I will resolve this based on some combination of how much it gets talked about in elections, how much money goes to interest groups on both topics, and how much of the "political conversation" seems to be about either.
People are also trading
https://youtu.be/K3qS345gAWI?si=NICAD4D66ZPTF3tu
We seem to have reached a stalemate on abortion lately, while AI is getting increasingly more attention.
@Vergissfunktor I would be ~a single issue voter on AI if there was a solid US presidential candidate in 2028.

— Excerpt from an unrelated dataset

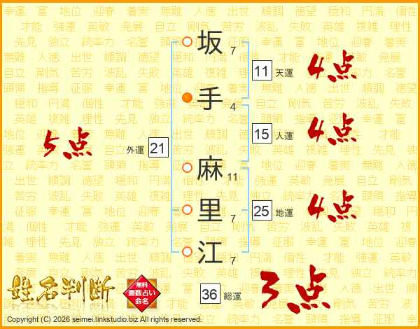 坂(7画)手(4画) 麻(11画)里(7画)江(7画)

@DavidHiggs I think they implicitly meant "a nontrivial number of single issue voters". Of course there is at least one single issue voter for pretty much any issue, cf lizardman constant
@bens I think we are definitely talking about AI more (even in the primary discourse now), I'd bet there's more money going to interest groups on AI by this point (although I'd love for someoe to run the numbers), and as for the "political conversation" by vibes? lol of course
@bens I mean just look at the feeds of any normie/right wing/left wing politico on twitter / bluesky / facebook. It's all AI.
@bens okay so my best guess on political spending on abortion across all elections in 2024, including the federal elections, is somewhere between $250 and $500 million.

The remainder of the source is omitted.